# Elsner an 750-8102 interne serielle schnittstelle anschliessen



## elko (22 Juli 2021)

Mir ist die Einstellung für die serielle Schnittstelle nicht klar.
In der Beschreibung der Kommunikationsschnittstelle wird vor Schäden bei falscher Parmetrierung gewarnt!
Die Pegel des RS-232 und RS485 sind unterschiedlich!
Die Schnittstelle ist die COM1 ?
Die einzige Einstellung RS485 habe in ModbusSlave unter RTU-Einstellungen gefunden.

Kann mir jemand die richtige konfiguration nennen.

Vielen Dabk im voraus.


----------



## Tobsucht (22 Juli 2021)

Meine Glaskugel sagt, du nutzt die Wetterstation von Elsner.
Aus der Dokumentation gehen die Einstellungen "Übertragungsrate: 19200 Baud Datenbits: 8 Stoppbit: 1 Parität: keine" hervor.

Ich weiß nicht welcher Transceiver von Elsner genutzt wird, in der Regel sind die dagegen aber geschützt.
Der RS232 Transceiver hat eine Strombegrenzung.

Um sicher zu gehen, kannst Du das Programm mit der Konfigration auf RS485 laden (und das Bootprojekt erstellen) und dann die Wetterstation anschließen.

Es geht nichts kaputt, wenn die Übertragungsrate, Datenbits, Stoppbits und Parität nicht passt.

Grüße


----------



## ADS_0x1 (23 Juli 2021)

Hallo elko,

das ist zwar für Beckhoff, aber das sollte sich fast 1:1 auf deine WAGO übertragen lassen:
Anschluss der Elsner Wetterstation an eine KL6041

Viele Grüße!


----------



## Tobsucht (24 Juli 2021)

elko hatte nach der onboard Schnittstelle gefragt.
Diese hat einen Sub D Anschluss und ist kein einzelnes Steckmodul.

Pin 3 (Sub D) wäre dann mit A (Wetterstation) zu verbinden und 8 mit B.
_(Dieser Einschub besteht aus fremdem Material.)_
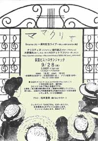 ■いよいよあさってとなりました、三ヵ月ぶり松本里美のソロLIVEです。 http://www.saboten.biz/06mama-punch.html 2006年9月28日(木曜日) 荻窪『ビストロ サンジャック』 http://pomkn.cocolog-nifty.com/kikaku/2006/08/post_c5f6.html 杉並区天沼3-32-1 メゾン荻窪103 03-3393-2639 open/18:30 start/19:30 2500 yen+1ドリンク <小さなオードブル付き> mama clio 一周年記念ライブ 〜 楽しい音のおもちゃ箱 〜 15人編成の脱力系ビッグバンド "パスカルズ "のバイオリン隊のおひとり クリスチィヌさんリードのmama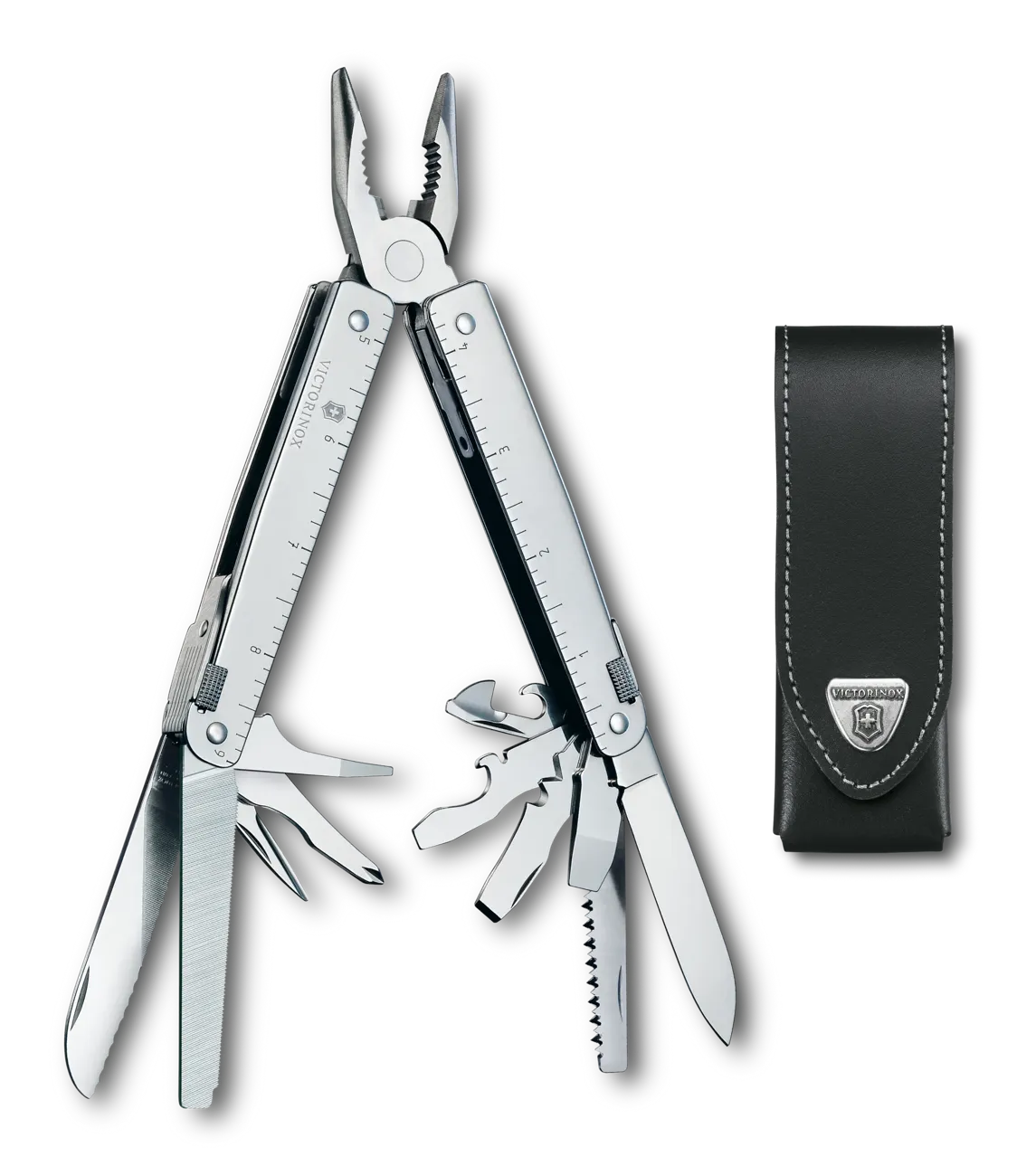 Das Swiss Tool ist ein vielseitiges Multitool, das durch seine Robustheit, Funktionalität und kompakte Bauweise besticht. Ob für alltägliche Aufgaben oder anspruchsvolle Projekte, dieses Tool liefert immer zuverlässige Leistung. Mit seinen feststellbaren Werkzeugen ist es ideal für den sicheren und präzisen Einsatz, und dank des mitgelieferten Lederetuis haben Sie es immer griffbereit.

Es kann durchaus notwendig sein, einen aktiven Busabschluss zu verwenden. Dieser im Stecker 750-960 enthalten.
Hier müsste dann B (ProfiBus Stecker) mit A (Wetterstation) und A mit B verbunden werden.

Grüße


----------



## ADS_0x1 (24 Juli 2021)

Ich dachte eigentlich, ich hätte auf den Oberpunkt verlinkt, das ist für 3 verschiedene Schnittstellen erläutert:



			Anschluss der Elsner Wetterstation an eine N031 Schnittstelle


----------



## Tobsucht (25 Juli 2021)

Die Pinbelegung passt aber trotzdem nicht zur Wago Steuerung.


----------



## KLM (26 Juli 2021)

Es gibt dazu einen Anwendungshinweis, der die Verkabelung an einer seriellen Klemme zeigt: https://www.wago.com/at/d/15501
Wenn Du das kombinierst mit der Pin-Belegung aus dem Handbuch des Controllers, hast Du es eigentlich schon. Sonst kann ich auch den Profibus Stecker 750-960 empfehlen, der hat nahezu passende Widerstände für Modbus und reicht in den meisten fällen. Ohne Abschlusswiderstand wird es aber sicherlich nicht gehen. Eine Bias-Schaltung wirst aber sicherlich nicht brauchen.


----------



## elko (27 Juli 2021)

Vielen Dank für die bisherigen Antworten!

Bei verwendung der Wagobausteine muss, laut Auskunft von WAGO, 
die Schnittstelle nicht parametriert werden.

Die Verbindung habe mit einem Profibusstecker  bekommen.
Leider erhalte nur eine Fehlermelung und keine keine Daten!

Wago 750-8102 - integrierte serielle Schnittstelle (9 polige Buchse)
Elsner Wetterstation P03/3-RS485-basic.

Den Baustein und die Ausgangsvariablen habe ich als Bild angehängt.

Vileicht kann mir jemand weiterhelfen.


----------



## Oberchefe (27 Juli 2021)

Ist das überhaupt die richtige Elsner? Da gibt es eine spezielle Version für Wago.


----------



## KLM (27 Juli 2021)

Hol Dir den COM1 mal über die Eingabehilfe via F2 rein inklusive Namensraum global irgendwas. Und wie @Oberchefe schon sagt, prüf auch den Typ der Wetterstation.
Ja, der FB konfiguriert den COM-Port selbst richtig, selbst wenn er zuvor falsch konfiguriert wurde. Das macht der FB für diese spezielle Wetterstation aber eben auch mit den speziellen seriellen Parametern.


----------



## elko (29 Juli 2021)

Das Problem ist gelöst!
Mit dem Baustein "WagoSolElsner.FbUniversalWeatherStation" bekomme ich meine Daten.


----------